Prosecutors appeal al-Bashir genocide decision

By MIKE CORDER
Associated Press Writer
Prosecutors at the International Criminal Court have appealed the tribunal’s decision not to indict Sudan’s president on charges of waging genocide in Darfur, according to a document released Tuesday.
The court charged Omar al-Bashir with war crimes and crimes against humanity in March for allegedly orchestrating a campaign of murder, torture, rape and forced expulsions in Darfur province. But judges said there was insufficient evidence to merit charging him with genocide.
Al-Bashir is the first sitting head of state indicted by the world’s first permanent war crimes tribunal since it was established in 2002.
But Sudan’s president defiantly refuses to recognize the court’s jurisdiction, and African Union leaders said Friday they would not arrest and extradite him.

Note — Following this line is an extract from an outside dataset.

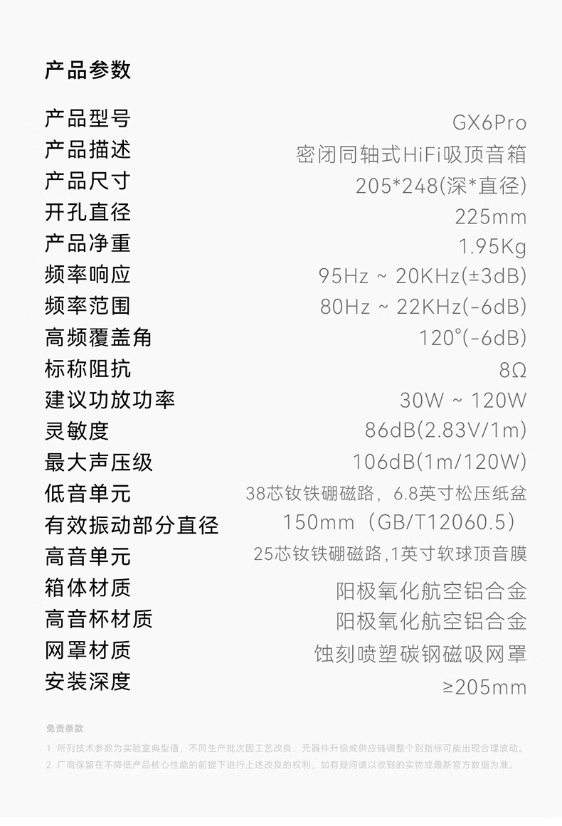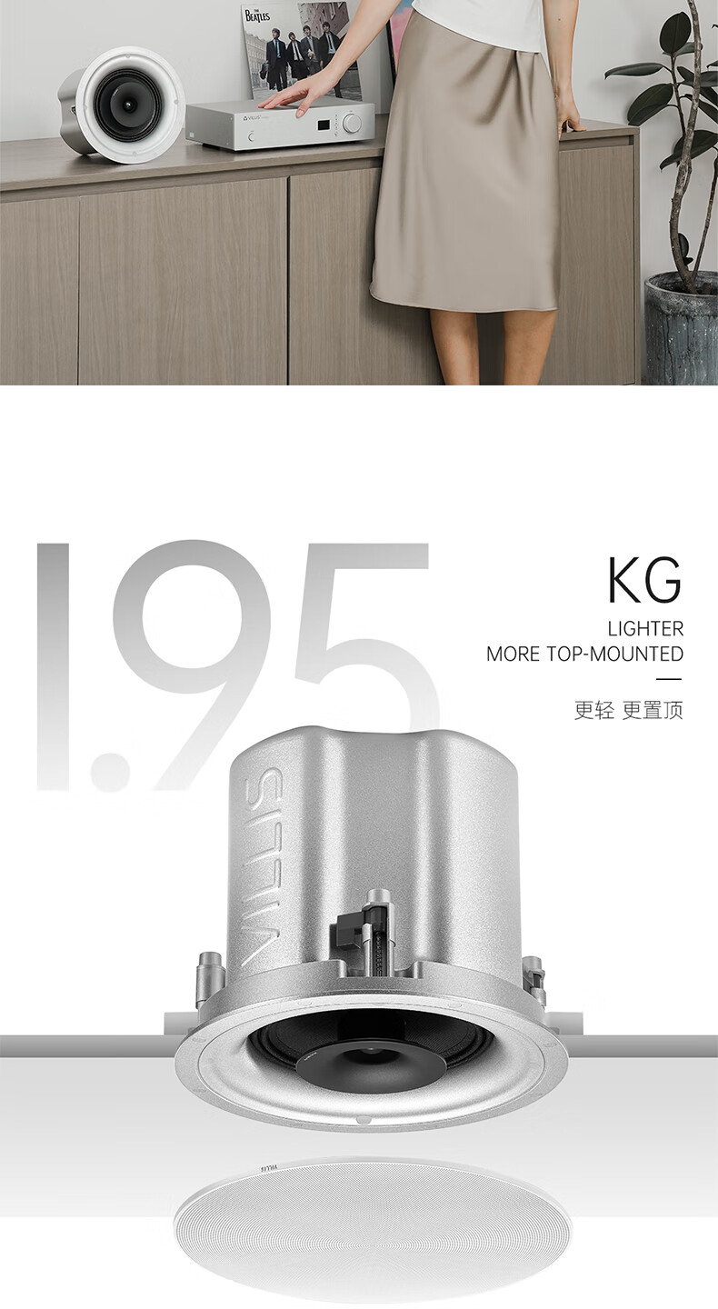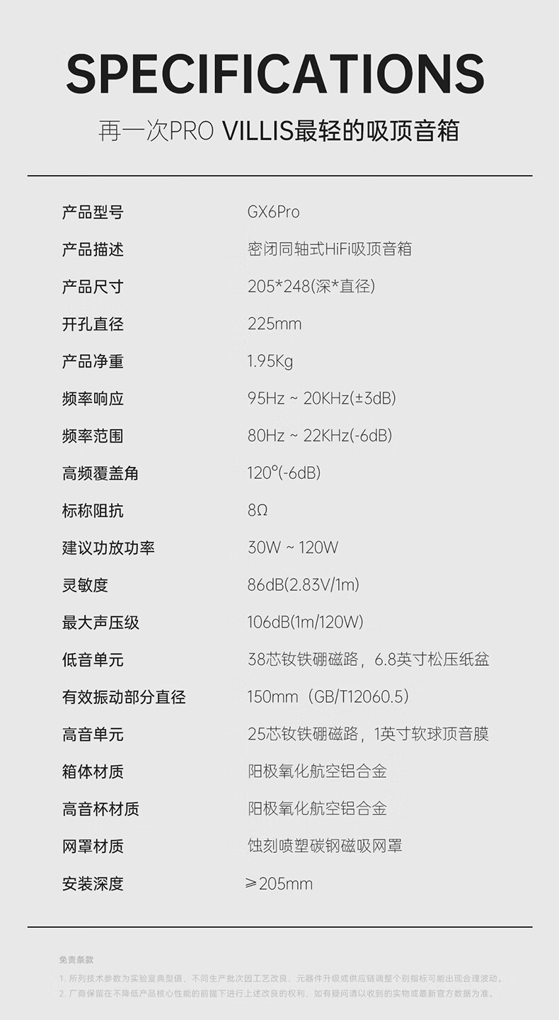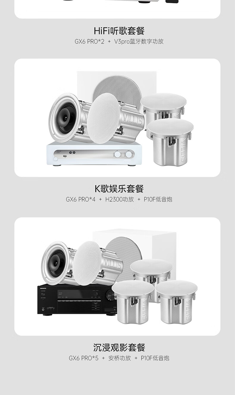 Villis威力声GX6PRO吸顶音响嵌入式5.1发烧家用音响客厅环绕K歌喇叭家庭影院音响套装 单只GX6Pro白色

Since the court indicted him and issued an international arrest warrant, al-Bashir has traveled outside Sudan several times without being arrested. The international court has no police force and relies on other countries to execute arrest warrants.

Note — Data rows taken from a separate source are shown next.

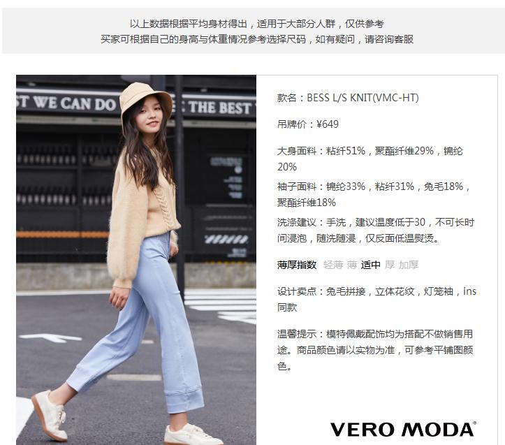 Vero Moda兔毛拼接立体花纹毛衣针织衫女319413501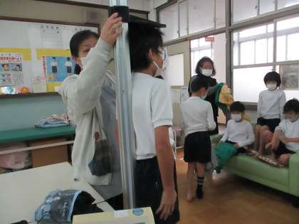 3学期ということで、保健室へ入る時の靴の揃え方、挨拶の仕方、計測時の姿勢など、大事なポイントもしっかり気をつけることができていました。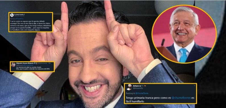 Y es que Torres hizo un comentario en su cuenta de Twitter, en donde indicó que «30 millones votamos por López Obrador, 97 millones no». De inmediato, el común de las respuestas fue «los niños no votan, Chumuel».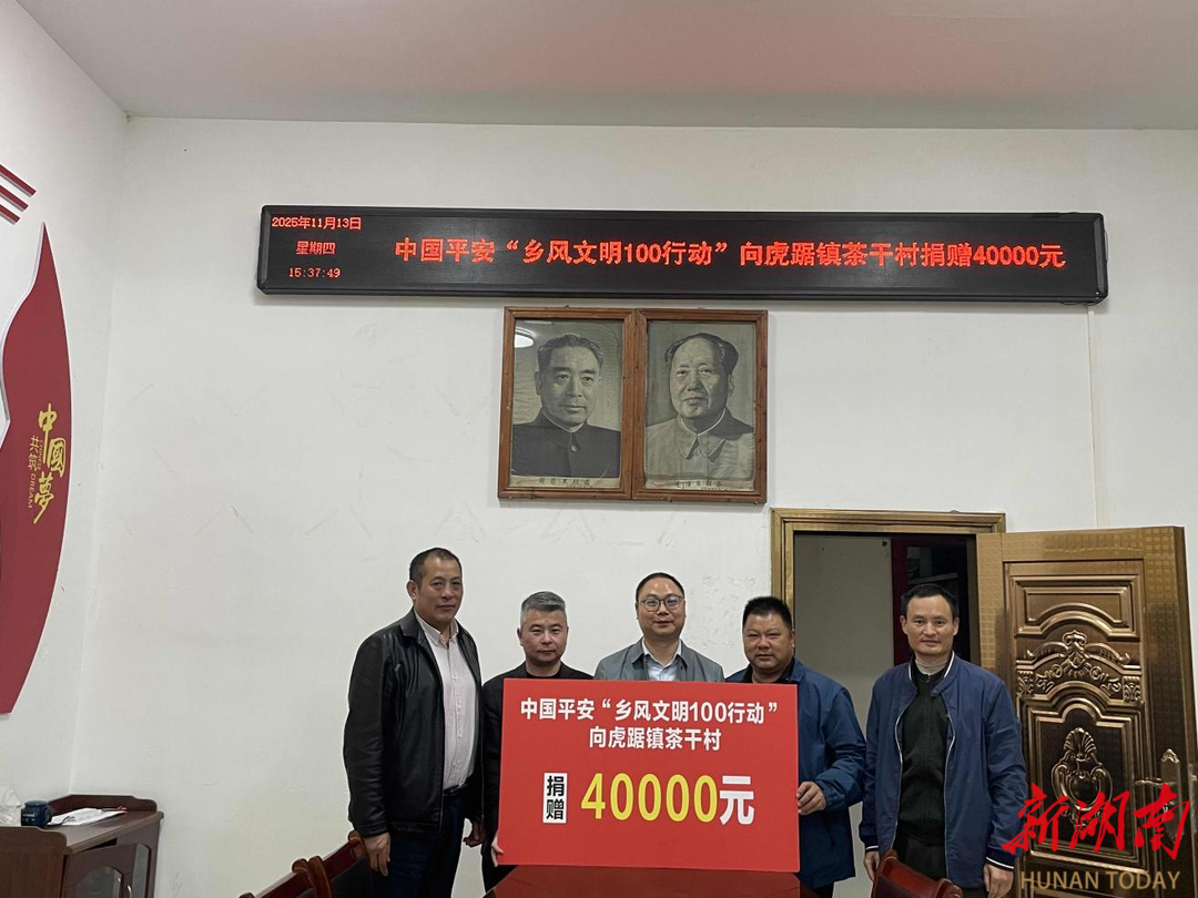 湖南日报·新湖南客户端11月14日讯(通讯员 邓育珍)11月13日,中国平安财产保险股份有限公司茶陵支公司(以下简称“平安财险茶陵支公司”)一行前往虎踞镇茶干村,开展乡风文明100行动助力乡村振兴捐赠活动,并与村“两委”举行座谈,共同探讨盘活村级资源、推动农业产业发展的有效路径。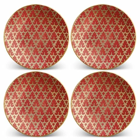 The Fortuny Murillo Canape Plates Red Set 4pce by L’Objet is composed of earthenware with hand-gilded 24K gold accents. Featuring a beautiful design, this set is sure to bring an element of surprise, sophistication, and luxury to your table.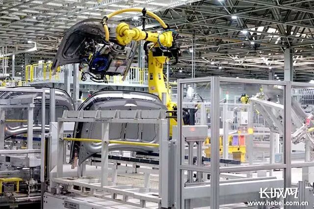 北京现代沧州工厂车间的机器人正在作业。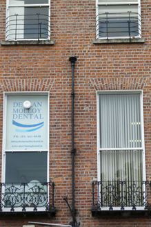 Attached three-bay four-storey former house over basement, built c. 1785, with flat-roofed two-storey and hipped roofed three-storey return to rear. Now in use as offices. Pitched slate roof to front, behind brick parapet with granite coping, and with two hipped roofs to rear, larger over western bays. Shouldered rendered chimneystack with clay pots to west party wall. Parapet gutters and cast-iron and replacement uPVC rainwater goods. Flemish bond red brick walls on granite plinth course over painted rendered walls to basement. Square-headed window openings, diminishing in height to upper floors, with rendered reveals and painted granite sills, basement window openings having carved granite block-and-start surrounds and wrought-iron grilles. Replacement bipartite six-pane timber casements to top floor front and timber sliding sash windows elsewhere, three-over-three pane to top floor rear and one-over-one pane elsewhere to front and rear elevations. Wrought-iron window-guards to second and third floors with decorative details, ornate cast-iron balconettes to first floor and ornate vignette to one ground floor window; round-headed two-over-two pane window to lower part of return. Round-headed principal doorway with rendered linings, fluted frieze and cornice on engaged Ionic columns with respond pilasters, plain fanlight, ten-panel timber door with brass furniture, and leaded stained-glass sidelights. Shared limestone platform with cast-iron boot-scrape and four granite steps. Basement area enclosed by wrought-iron railings with decorative cast-iron posts on carved granite plinth. Cast-iron coal-hole covers set in granite flags to footpath. Yard to rear.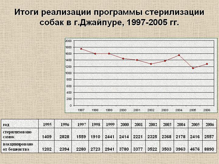 Согласно данным учета бездомных собак в исторической части г.Джайпура (Индия), достижение 65-70% охвата кастрацией самок привело к снижению общей численности собак на 28% в течение двух лет [5]. Однако результаты последующих наблюдений [6] свидетельствуют о прекращении снижения численности животных, и стабилизации ее на уровне около 70% от исходной, с незначительными флюктуациями из года в год.

The appeal filed Monday and released Tuesday said the judges who rejected the three genocide charges were wrong in applying “an evidentiary burden that is inappropriate for this procedural stage.”
They argue that prosecutors need only prove that there are “reasonable grounds to believe” al-Bashir was responsible for genocide when asking for judges to file charges.

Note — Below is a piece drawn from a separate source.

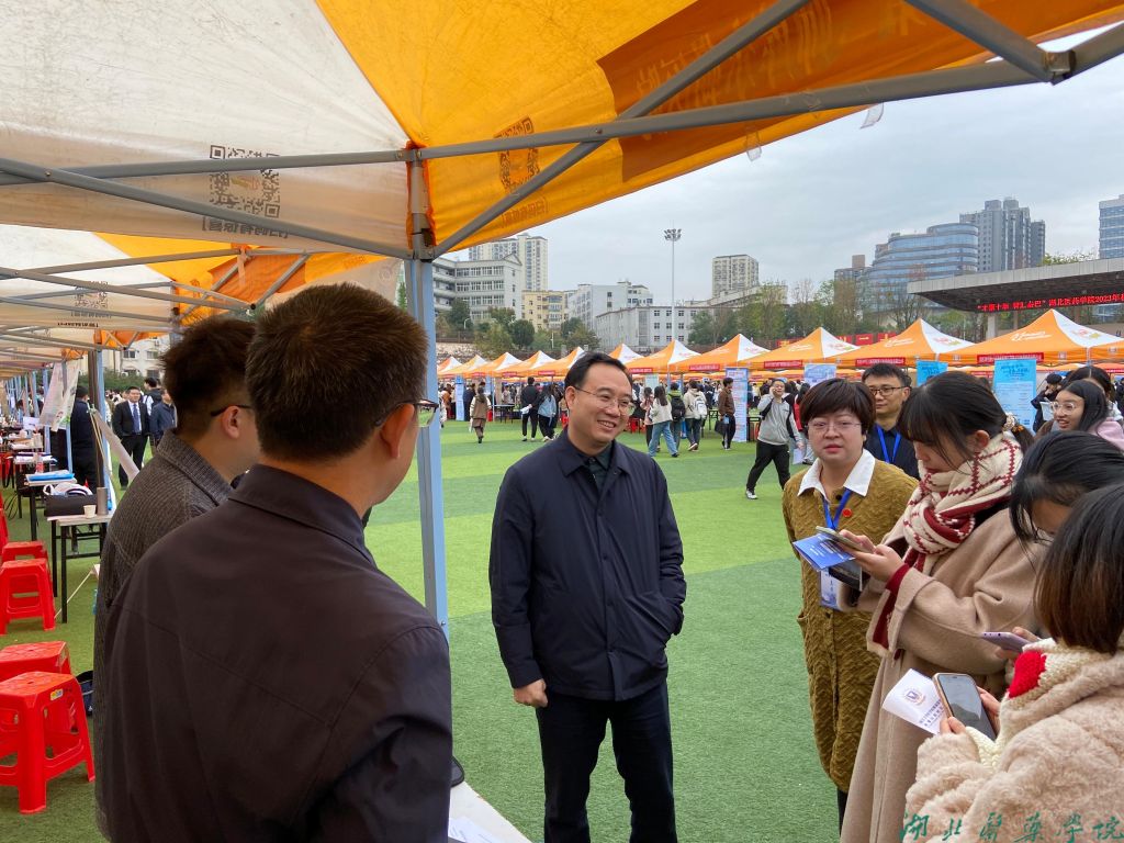 党委副书记、校长王云甫在招聘会现场与毕业生亲切交谈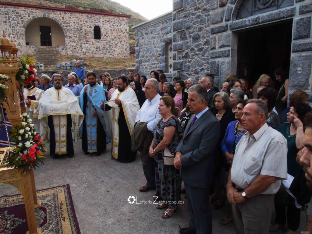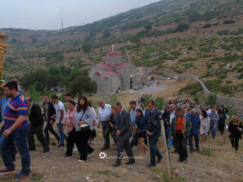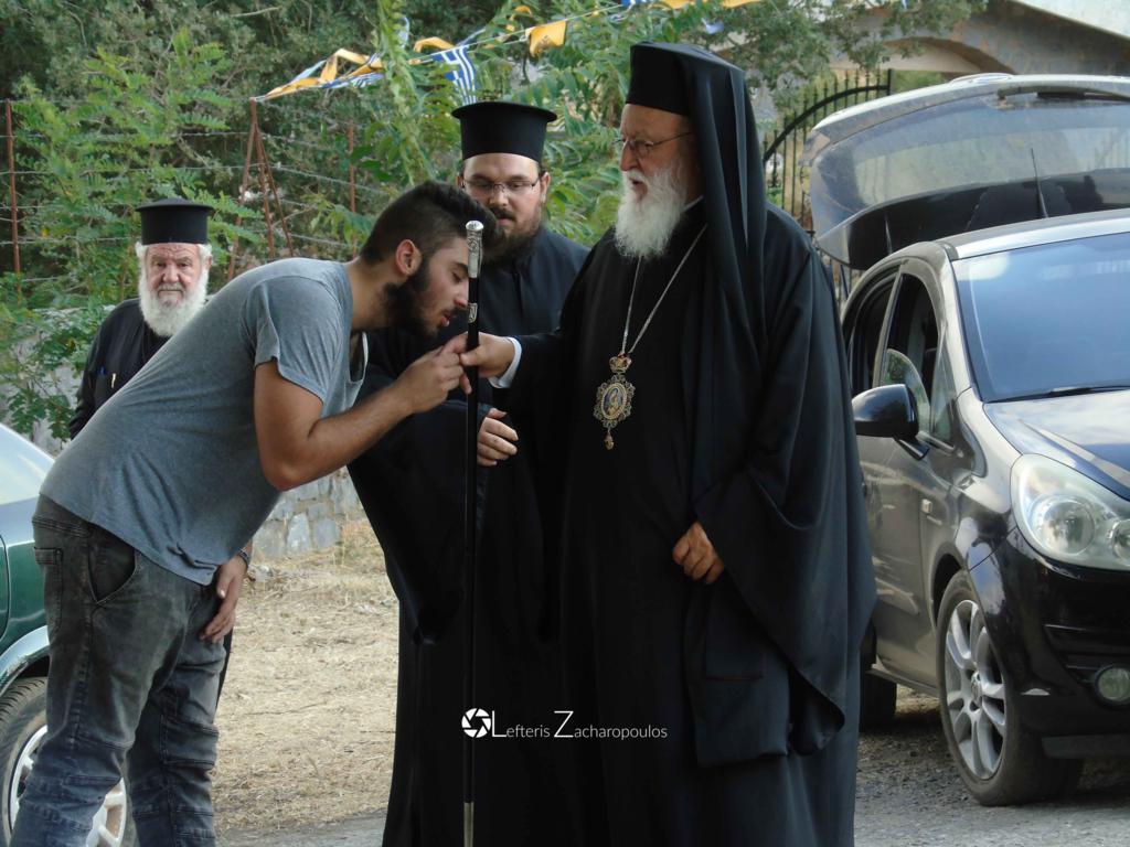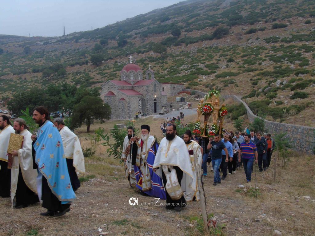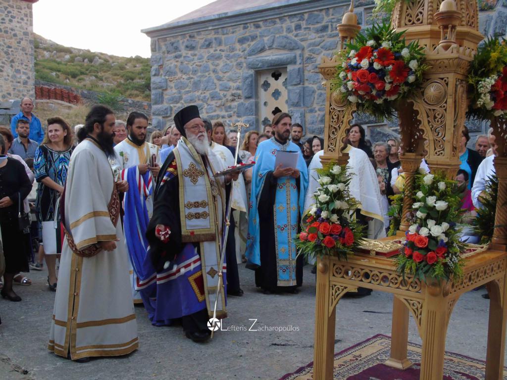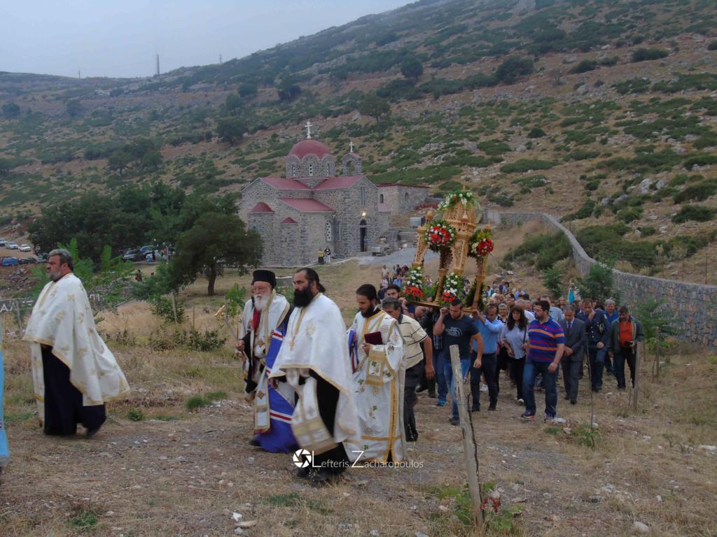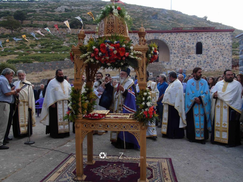 Τήν Τρίτη 22α Αὐγούστου 2017, στήν Ἀκολουθία τοῦ Ἑσπερινοῦ πρός τιμήν τῆς Παναγίας μας, προεξῆρχε ὁ Σεβ. Μητροπολίτης μας κ.κ. ΑΛΕΞΑΝΔΡΟΣ, πλαισιούμενος ἐξ εὐλαβῶν Ἱερέων τῆς Ἀρχιερατικῆς Περιφέρειας, ἐνῶ ὁ Ἱεροψάλτης κ. Νικόλαος Μπόγρης μαζί μέ τούς λοιπούς Ἱεροψάλτες ἔψαλαν μελωδικότατα τούς ὕμνους πρός τήν Παναγία μας. Πλῆθος πιστῶν συμμετεῖχε στήν κατανυκτική Ἀκολουθία τοῦ Ἑσπερινοῦ, προσφέροντας Ἀρτοκλασίες, οἱ ὁποῖες διαβάστηκαν ὑπέρ ὑγείας πάντων τῶν εὐσεβῶν καί Ὀρθοδόξων Χριστιανῶν. Συγκινητική ἦταν ἡ Ἀκολουθία τῶν Ἐγκωμίων καί ἡ περιφορά τοῦ ἱεροῦ Ἐπιταφίου της Παναγίας μας ἐκ τοῦ Ναοῦ τῆς Παναγίας τῆς Τσεμπεροῦς μέχρι καί τόν νεοανεγερθέντα Ἱερό Ναό τῶν Ἁγίων Θεοδώρων καί τοῦ παλαιοῦ προσκυνήματος τῶν Ἁγίων Θεοδώρων ἐντός τῆς μάνδρας τῆς Παναγίας Τσεμπεροῦς.

Instead, prosecutors said, the judges applied a “higher level of proof, one that can be identified only with the standard of proof ‘beyond a reasonable doubt.'”
Prosecutor Luis Moreno Ocampo was in the Ethiopian capital of Addis Ababa on Tuesday for talks on Darfur with African Union representatives.
African officials believe Moreno Ocampo focuses too sharply on their continent. His office has launched prosecutions in four countries — all of them in Africa.
His appeal accuses al-Bashir of mobilizing the entire Sudanese state apparatus with the aim of destroying a substantial part of the Fur, Masalit and Zaghawa ethnic groups in Darfur over more than six years.
Fighting in Darfur since 2003 has left up to 300,000 people dead and driven another 2.7 million from their homes, the United Nations says.